▸ How to complete this task: From the listing that follows, reproduce only the lines from the one holding "Choosing the right" through the one holding "爱普生(EPSON) CB-1970W 多媒体液晶投影仪 5000流明", both included, with no pictures.

▸ Provided data:
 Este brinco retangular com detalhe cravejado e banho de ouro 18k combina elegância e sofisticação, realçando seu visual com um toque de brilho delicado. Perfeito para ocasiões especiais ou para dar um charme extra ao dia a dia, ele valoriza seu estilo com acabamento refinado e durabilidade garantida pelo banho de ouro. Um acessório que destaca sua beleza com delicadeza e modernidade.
...
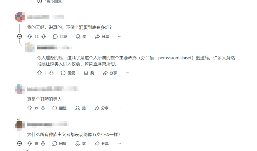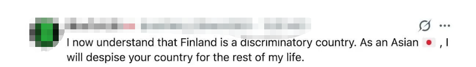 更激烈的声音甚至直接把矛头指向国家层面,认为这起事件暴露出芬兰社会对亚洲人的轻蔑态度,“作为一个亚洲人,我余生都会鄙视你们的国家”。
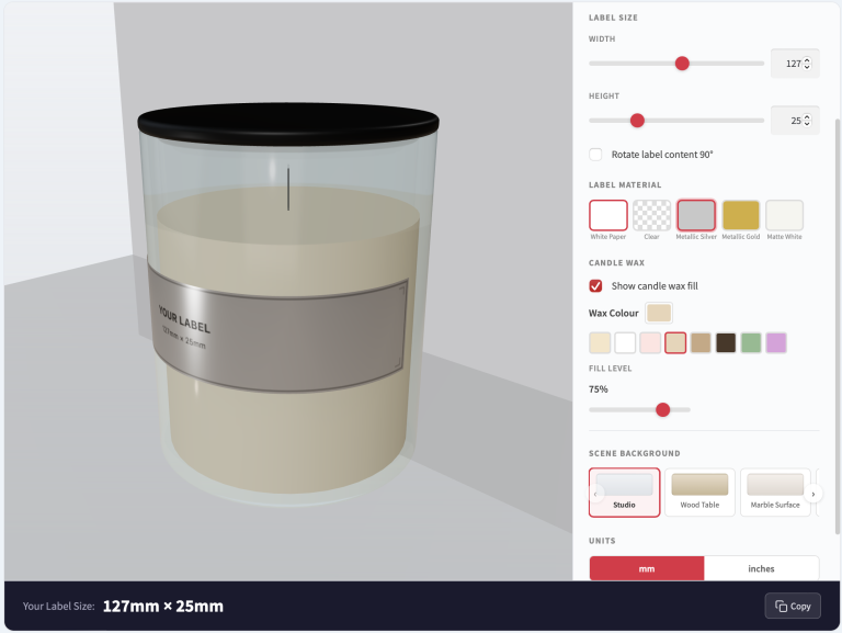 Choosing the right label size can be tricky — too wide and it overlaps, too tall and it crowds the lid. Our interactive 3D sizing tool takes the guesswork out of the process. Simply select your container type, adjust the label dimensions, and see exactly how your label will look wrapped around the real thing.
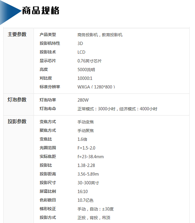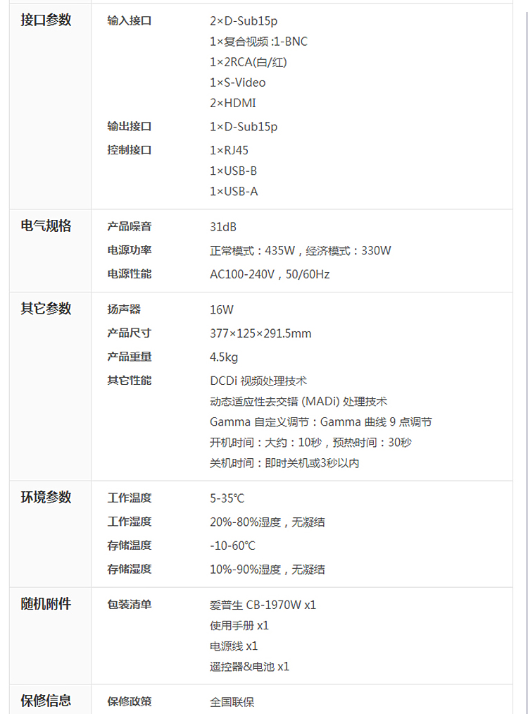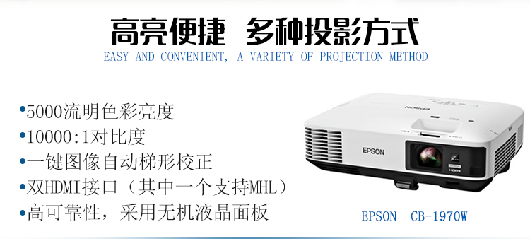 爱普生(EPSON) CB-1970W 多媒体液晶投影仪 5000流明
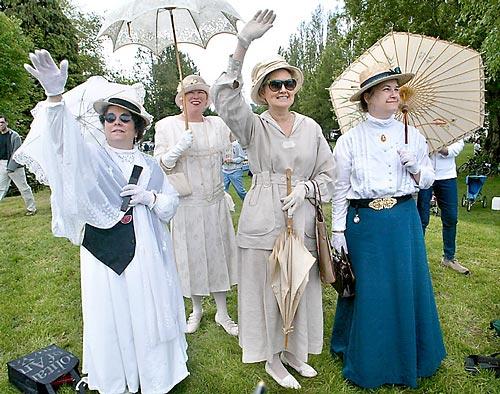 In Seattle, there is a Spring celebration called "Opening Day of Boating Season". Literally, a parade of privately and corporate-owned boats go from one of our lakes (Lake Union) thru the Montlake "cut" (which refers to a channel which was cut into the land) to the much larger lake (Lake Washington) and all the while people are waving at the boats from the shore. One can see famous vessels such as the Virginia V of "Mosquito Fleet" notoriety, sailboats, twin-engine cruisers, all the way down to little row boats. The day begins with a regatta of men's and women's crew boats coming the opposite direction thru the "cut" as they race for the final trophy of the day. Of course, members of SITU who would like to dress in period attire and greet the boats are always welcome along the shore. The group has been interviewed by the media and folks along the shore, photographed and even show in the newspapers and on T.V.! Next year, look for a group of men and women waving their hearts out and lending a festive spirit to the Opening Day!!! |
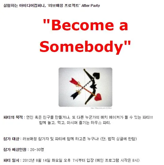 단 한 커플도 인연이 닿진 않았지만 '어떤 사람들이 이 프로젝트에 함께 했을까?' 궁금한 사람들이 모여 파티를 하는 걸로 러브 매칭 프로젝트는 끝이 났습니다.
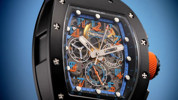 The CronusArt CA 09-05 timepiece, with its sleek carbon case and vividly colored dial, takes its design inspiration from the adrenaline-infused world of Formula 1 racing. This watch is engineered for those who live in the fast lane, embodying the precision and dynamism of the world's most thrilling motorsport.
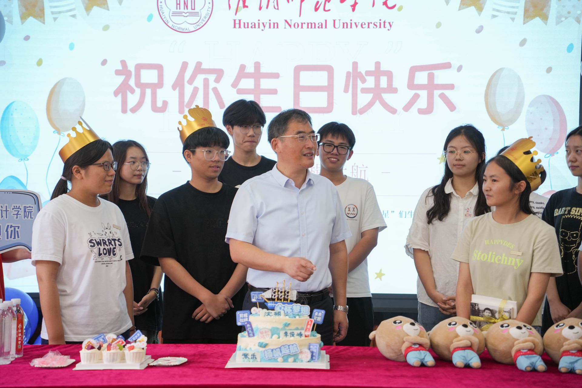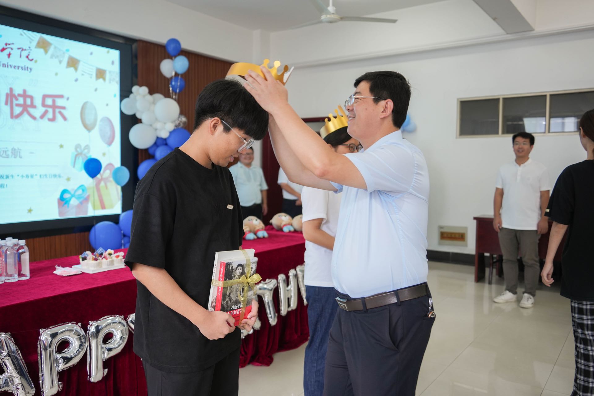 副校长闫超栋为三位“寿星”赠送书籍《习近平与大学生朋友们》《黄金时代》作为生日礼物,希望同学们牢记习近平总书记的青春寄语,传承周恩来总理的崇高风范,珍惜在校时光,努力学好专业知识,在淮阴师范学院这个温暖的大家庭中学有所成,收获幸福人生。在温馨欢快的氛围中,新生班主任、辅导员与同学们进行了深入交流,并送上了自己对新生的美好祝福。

▸ Solution to this exercise:
 Choosing the right label size can be tricky — too wide and it overlaps, too tall and it crowds the lid. Our interactive 3D sizing tool takes the guesswork out of the process. Simply select your container type, adjust the label dimensions, and see exactly how your label will look wrapped around the real thing.
 爱普生(EPSON) CB-1970W 多媒体液晶投影仪 5000流明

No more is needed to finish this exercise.